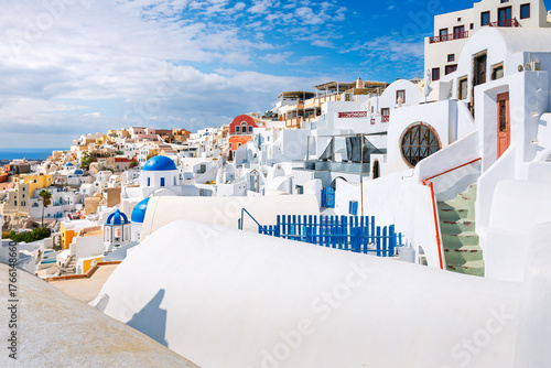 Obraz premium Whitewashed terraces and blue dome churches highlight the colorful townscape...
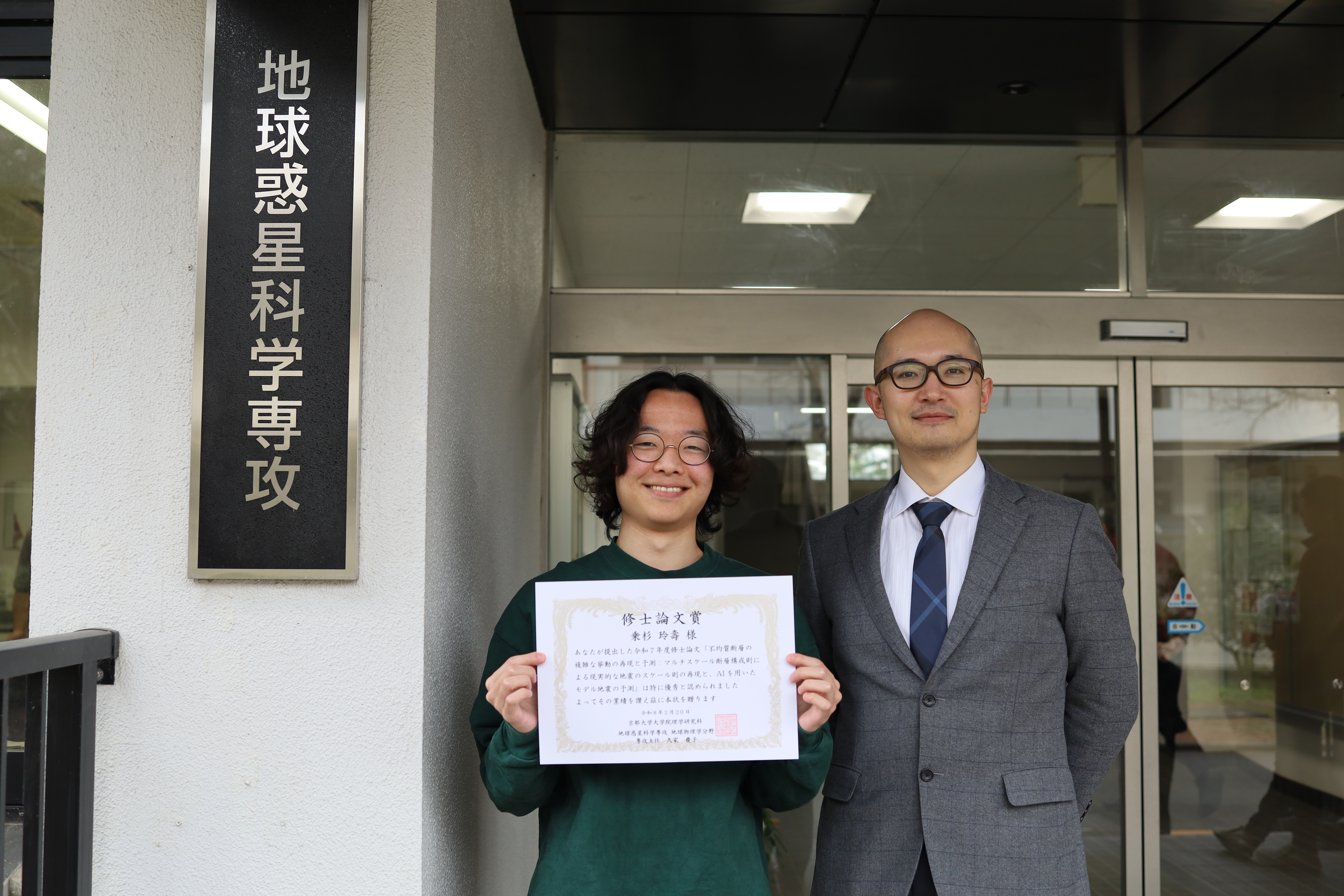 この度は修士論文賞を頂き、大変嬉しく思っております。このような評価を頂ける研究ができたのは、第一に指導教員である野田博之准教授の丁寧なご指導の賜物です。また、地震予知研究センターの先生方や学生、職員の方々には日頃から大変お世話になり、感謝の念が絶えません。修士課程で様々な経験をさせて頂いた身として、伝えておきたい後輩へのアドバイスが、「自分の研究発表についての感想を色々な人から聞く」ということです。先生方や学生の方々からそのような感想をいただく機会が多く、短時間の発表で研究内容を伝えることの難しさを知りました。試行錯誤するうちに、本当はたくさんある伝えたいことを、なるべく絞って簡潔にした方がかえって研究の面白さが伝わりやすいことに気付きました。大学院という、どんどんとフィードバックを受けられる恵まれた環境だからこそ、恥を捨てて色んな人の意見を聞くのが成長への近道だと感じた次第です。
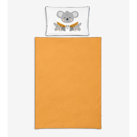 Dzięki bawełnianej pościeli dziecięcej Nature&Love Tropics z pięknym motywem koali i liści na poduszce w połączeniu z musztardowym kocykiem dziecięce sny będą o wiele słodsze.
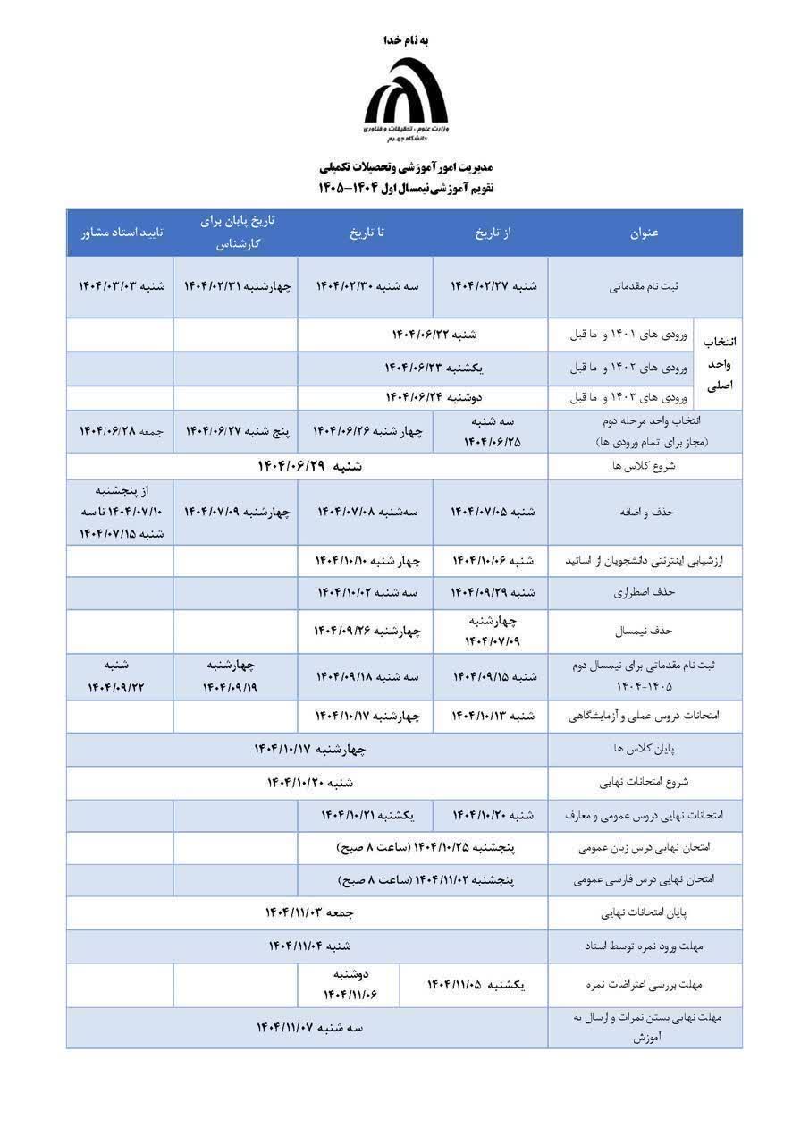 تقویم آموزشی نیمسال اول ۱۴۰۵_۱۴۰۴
•••
What the task asks>
Nothing but the lines from the beginning of the material above through the line containing "この度は修士論文賞を頂き、大" should appear in the answer, copied exactly and free of pictures.

Task result>
 Obraz premium Whitewashed terraces and blue dome churches highlight the colorful townscape...
 この度は修士論文賞を頂き、大変嬉しく思っております。このような評価を頂ける研究ができたのは、第一に指導教員である野田博之准教授の丁寧なご指導の賜物です。また、地震予知研究センターの先生方や学生、職員の方々には日頃から大変お世話になり、感謝の念が絶えません。修士課程で様々な経験をさせて頂いた身として、伝えておきたい後輩へのアドバイスが、「自分の研究発表についての感想を色々な人から聞く」ということです。先生方や学生の方々からそのような感想をいただく機会が多く、短時間の発表で研究内容を伝えることの難しさを知りました。試行錯誤するうちに、本当はたくさんある伝えたいことを、なるべく絞って簡潔にした方がかえって研究の面白さが伝わりやすいことに気付きました。大学院という、どんどんとフィードバックを受けられる恵まれた環境だからこそ、恥を捨てて色んな人の意見を聞くのが成長への近道だと感じた次第です。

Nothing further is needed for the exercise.